The court, in the words of its own website, "considers the calculation of the amount to be seized incomprehensible and refers the case back to FINMA."

Between 2011 and 2015, Banca della Svizzera Italiana or BSI (now part of EFG) repeatedly broke the Swiss Anti-Money-Laundering Act, the Banking Act and corresponding ordinances. It seriously contravened supervisory provisions indirectly linked to the corruption scandal surrounding the Malaysian sovereign wealth fund 1MDB (1Malaysia Development Berhad). These transgressions occurred both in the context of BSI's responsibility to oversee its branch in Singapore and through its own transactions.

FINMA and the four serious violations

As a consequence of enforcement actions, FINMA accused BSI of four serious breaches of supervisory law: not being 'duly diligent' enough to prevent money laundering, not keeping documents when it should have done, not managing risks appropriately and not guaranteeing proper business conduct. FINMA thought that it was impossible for BSI not to have known that it was committing these faux pas. The fact that many transactions amounted to many millions of Swiss francs apiece, plus the involvement of politically exposed people or PEPs should have led it to investigate rigorously.

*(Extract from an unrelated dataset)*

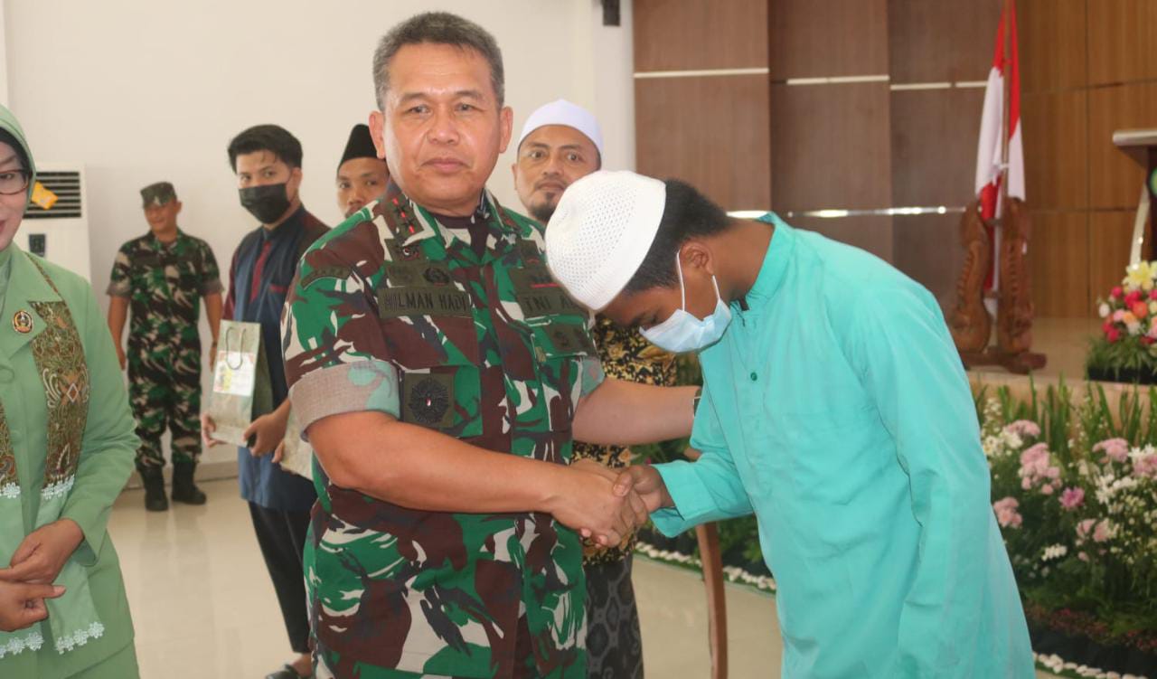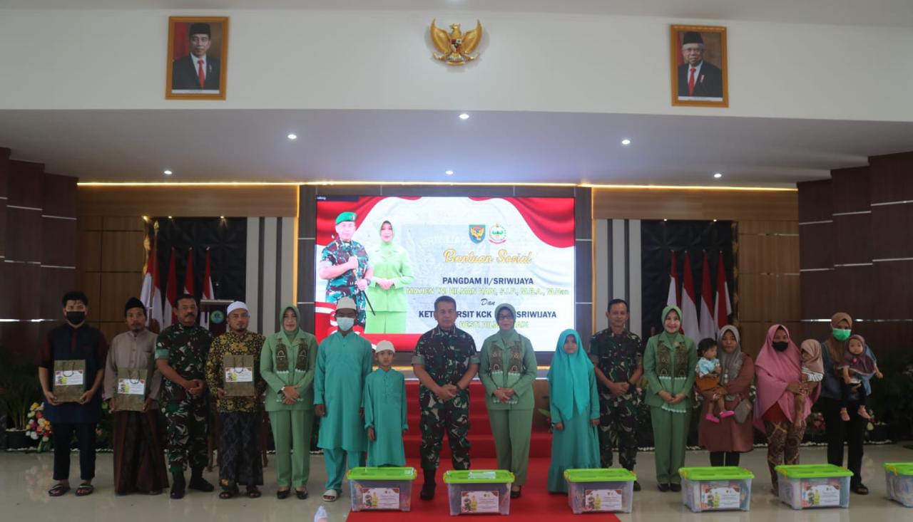 Pangkalpinang| Jejakkriminal.com-  Pangdam II/Sriwijaya Mayjen TNI Hilman Hadi, S.I.P., M.B.A., M.Han di dampingi Ketua Persit KCK PD II/ Sriwijaya Ny Hesti Hilman Hadi menyerahkan langsung santunan kepada penderita Balita Stunting asal wilayah kota Pangkalpinang Jumat 21/10/2022 di Aula Makorem 045/Garuda Jaya.Selain itu Pangdam juga menyerah santunan kepada Perwakilan Pondok Pesantren Nurul Huda Asyarifi, Ponpes MTAQ Zirr Bin Hubaisy dan Pondok Pesantren Quro Zaeinul Ulum, serta menyerahkan santunan kepada anak Yatim Piatu dari panti Asuhan Baiturahmah Annur Pangkalpinang.

In its decision of 23 May 2016, FINMA guessed that BSI had generated SFr95 million in illegal profits and ordered the confiscation of this amount "to ensure the restoration of compliance with the law." The court has now found this estimate to be incomprehensible.

A compensatory arrangement between two cases

Article 35 Financial Market Supervision Act (FINMASA) authorises FINMA to estimate the extent of the assets to be confiscated if the amount cannot be ascertained or requires a disproportionate effort to be ascertained. The court has written in its judgment: "According to the practice, the impossibility or unreasonableness of determining an exact figure can only refer to individual elements regarding profit or expense. Accordingly, the estimate must be limited to individual calculation factors.

"Furthermore, the confiscation has to correspond to the actual profit generated by the infringement. However, FINMA also justifies the amount of SFr95 million with its renouncement to implement a seizure in another corruption case involving BSI’s Brazilian customers. According to the [court] it is not clear why, instead of performing exact calculations, FINMA is making a kind of compensatory arrangement between two cases. The [court] thus partially upholds the appeal lodged by BSI and refers the decision back to FINMA."

FINMA can appeal against the judgement in the Federal Supreme Court, if it so chooses.